In the Gluckian drama – whose principle (triumphant for the first time in Vienna with the Orpheus on the text of the great collaborator and inspirer of Gluck, Ranieri de ‘Calzabigi) is that of the submission of music to poetry – the old dry recitative is replaced by an expressive declamation supported not by the harpsichord but by the orchestra; the Arias spring from the logical course of the drama, framed in great architectures of scenes; the choir summarizes an essential value and a character of ancient grandeur; the melody (not very varied at Gluck) rediscovers the purity of line and the intensity of expression that had long been overwhelmed by the virtuosic practice of the so-called “bel canto”. The great currents of modern theater represented by Cherubini, Spontini, Weber etc. derive from Gluck’s theater, of international significance.

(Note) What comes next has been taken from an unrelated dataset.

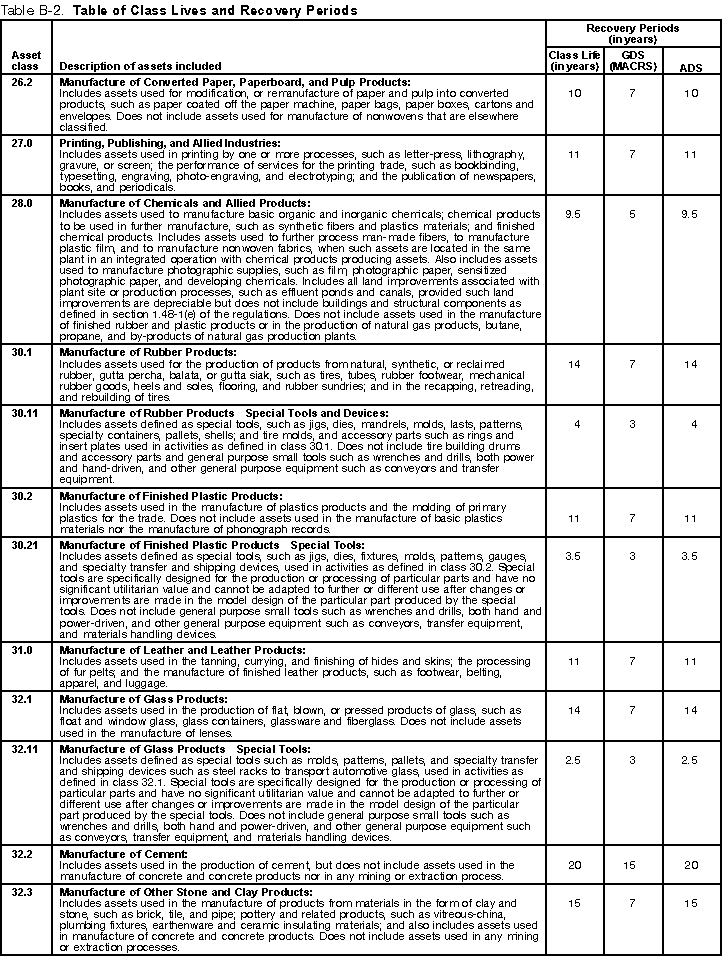 from that asset class, then use the recovery period shown in the appropriate column following the description of the property in Table B-1.

According to, the variety of stylistic currents that had animated German instrumental music of the late eighteenth century, towards the end of the century, ends up merging into the broad and majestic style of the so-called Viennese school; style which remained, almost par excellence, the name of symphonic. Its main characteristics could be summarized in those of a very free thematic elaboration, in dialogue between the parties, outside of any rigor in the application of technical means (being able to occur mainly melodic-accompanied passages mainly, but always slightly, counterpoint); elaboration contained in the typical form of the Sonata and in the subordinate ones of the Lied instrumental, variation, minuet and rondo. This school, which represents the apogee of modern instrumental music, has remained – due to the wide architecture in whose clearly traced lines every impetus and every aspiration is ennobled and aesthetically explained – with the name of classical, and classics are called its three high representatives: J. Haydn, WA Mozart and L. v. Beethoven. At Haydn we find a keen sense of thematic elaboration, though still very light and free from great complexity, and – a fact intimately connected with this – a great thematic value of invention, of ideas; a rare balance between the areas of the composition, that is – in the sonata – between the period of exposure and the period of development (a balance that is not always achieved, for various reasons, by Mozart and Beethoven). With Haydn, moreover, the type of orchestra that is still the basis of the symphonic score can be said to be fully mature and efficient. Haydn has too often emphasized only the aspect of naive, almost rustic joy; an aspect which is certainly his most proper and personal but which should not make us forget the other significant ones: the calm religious expression and the singular acuity of his dialectic, truly worthy of a contemporary of the great German philosophers.